Exercise brief
Consider the listing below. Extract exactly the lines from the line containing "background, texture, image" to the line containing "Jupe noire en", both included.
Records provided Block Start
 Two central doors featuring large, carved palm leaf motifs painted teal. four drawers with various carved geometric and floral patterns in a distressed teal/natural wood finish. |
Records provided Block End
Records provided Block Start
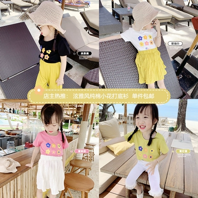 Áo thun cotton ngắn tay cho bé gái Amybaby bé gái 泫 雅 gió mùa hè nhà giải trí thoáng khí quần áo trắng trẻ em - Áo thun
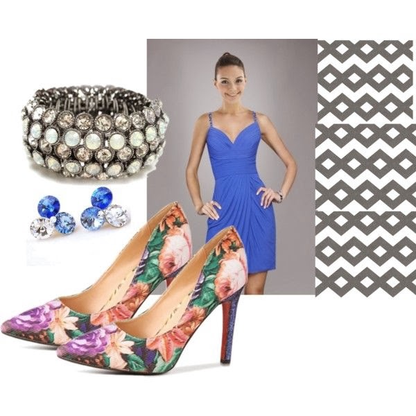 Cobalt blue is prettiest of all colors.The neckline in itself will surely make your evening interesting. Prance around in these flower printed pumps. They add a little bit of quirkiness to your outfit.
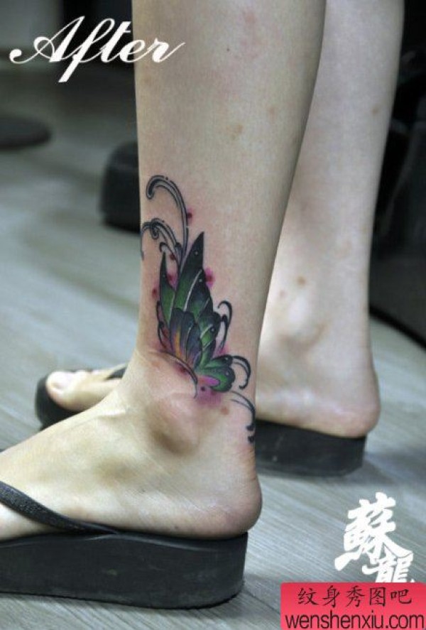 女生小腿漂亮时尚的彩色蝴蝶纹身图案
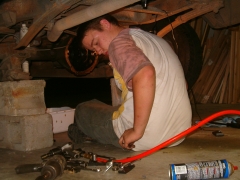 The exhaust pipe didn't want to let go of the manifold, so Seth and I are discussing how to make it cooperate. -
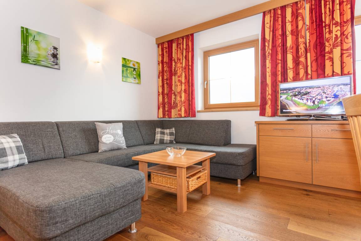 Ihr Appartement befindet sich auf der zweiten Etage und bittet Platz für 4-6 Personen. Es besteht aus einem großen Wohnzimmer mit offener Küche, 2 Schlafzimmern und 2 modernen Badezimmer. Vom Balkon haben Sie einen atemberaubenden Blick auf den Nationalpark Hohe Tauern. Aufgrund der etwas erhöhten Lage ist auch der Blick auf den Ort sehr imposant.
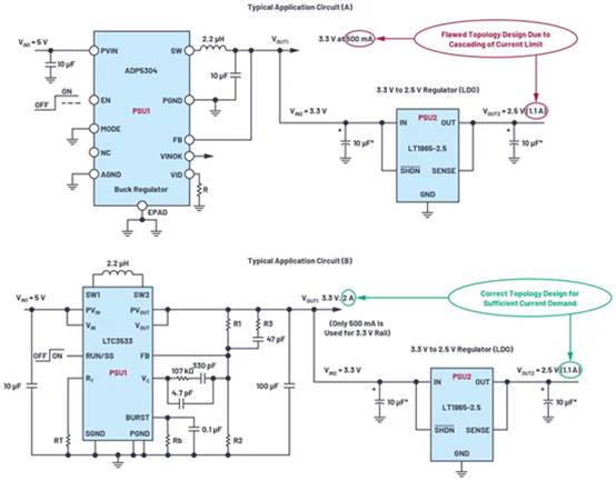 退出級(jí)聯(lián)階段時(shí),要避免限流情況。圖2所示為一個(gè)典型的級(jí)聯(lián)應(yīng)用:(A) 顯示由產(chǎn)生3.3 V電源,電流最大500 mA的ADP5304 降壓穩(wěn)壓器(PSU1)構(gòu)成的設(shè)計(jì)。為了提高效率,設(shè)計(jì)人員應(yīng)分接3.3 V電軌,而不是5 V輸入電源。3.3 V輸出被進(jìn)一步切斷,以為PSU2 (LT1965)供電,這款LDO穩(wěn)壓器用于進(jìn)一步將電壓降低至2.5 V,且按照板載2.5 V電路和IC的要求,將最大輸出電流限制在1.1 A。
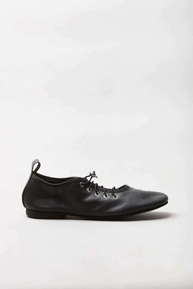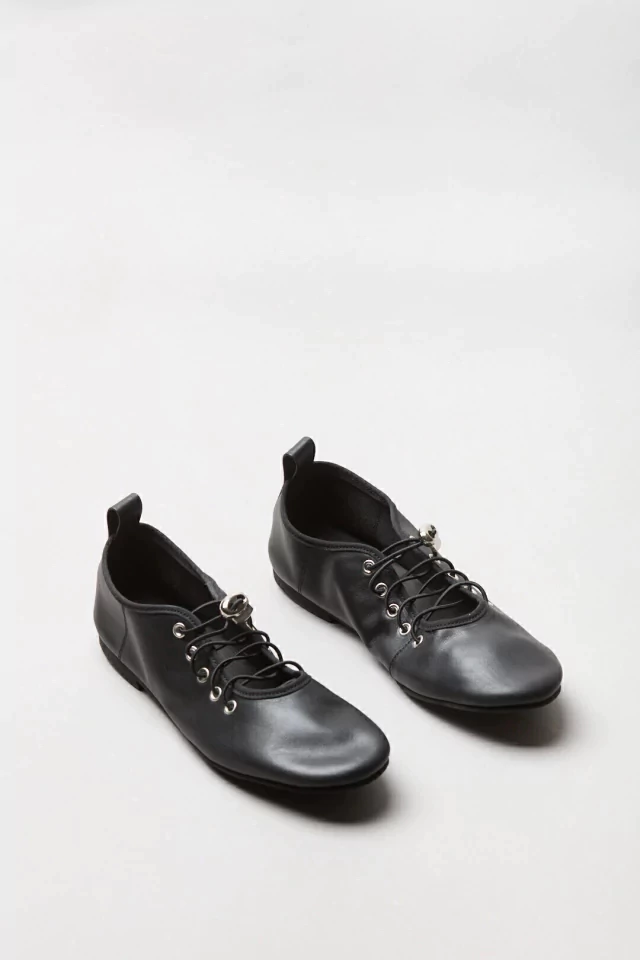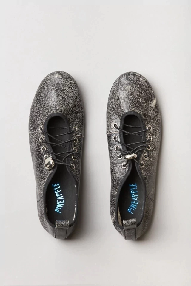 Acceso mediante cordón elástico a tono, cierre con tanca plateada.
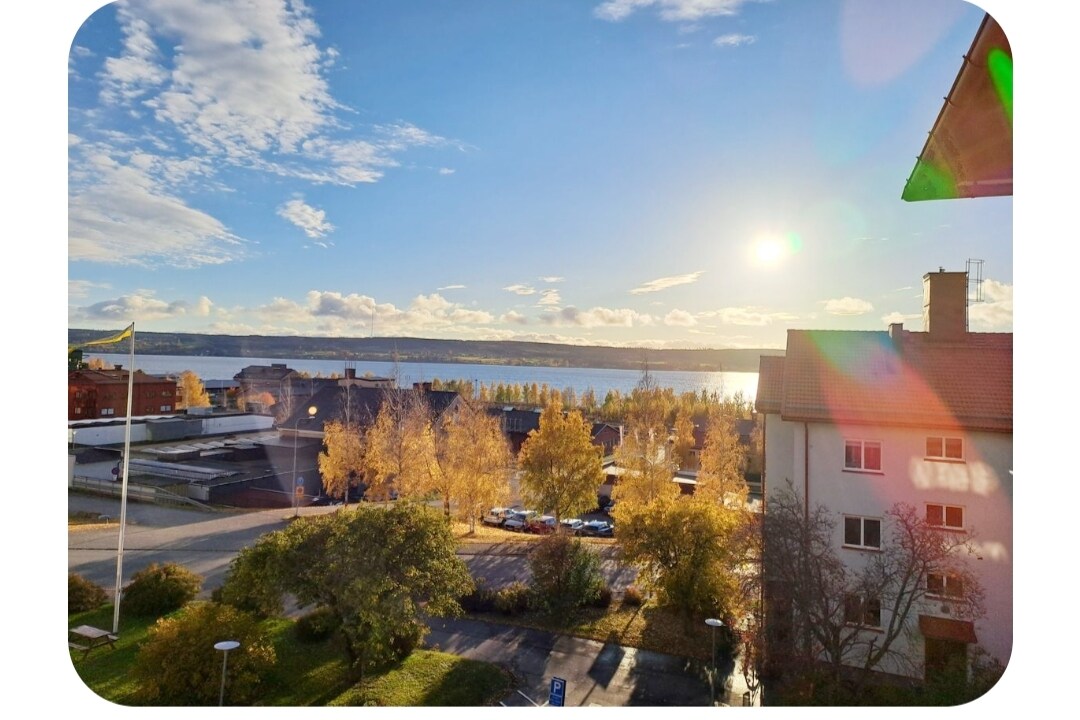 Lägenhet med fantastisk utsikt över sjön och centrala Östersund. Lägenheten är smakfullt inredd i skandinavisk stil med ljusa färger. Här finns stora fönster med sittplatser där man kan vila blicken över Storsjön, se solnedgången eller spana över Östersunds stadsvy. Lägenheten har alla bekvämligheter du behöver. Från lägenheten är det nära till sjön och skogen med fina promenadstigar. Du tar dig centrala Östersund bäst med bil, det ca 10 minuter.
Records provided Block End
Records provided Block Start
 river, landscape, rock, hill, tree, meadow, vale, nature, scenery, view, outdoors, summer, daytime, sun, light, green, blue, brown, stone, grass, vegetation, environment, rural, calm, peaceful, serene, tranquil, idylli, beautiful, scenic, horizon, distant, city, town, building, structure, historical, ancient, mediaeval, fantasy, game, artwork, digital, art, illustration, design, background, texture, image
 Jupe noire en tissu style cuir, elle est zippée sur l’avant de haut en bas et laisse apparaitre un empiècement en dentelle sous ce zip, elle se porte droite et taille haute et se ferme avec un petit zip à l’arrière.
Records provided Block End
Written answer
 river, landscape, rock, hill, tree, meadow, vale, nature, scenery, view, outdoors, summer, daytime, sun, light, green, blue, brown, stone, grass, vegetation, environment, rural, calm, peaceful, serene, tranquil, idylli, beautiful, scenic, horizon, distant, city, town, building, structure, historical, ancient, mediaeval, fantasy, game, artwork, digital, art, illustration, design, background, texture, image
 Jupe noire en tissu style cuir, elle est zippée sur l’avant de haut en bas et laisse apparaitre un empiècement en dentelle sous ce zip, elle se porte droite et taille haute et se ferme avec un petit zip à l’arrière.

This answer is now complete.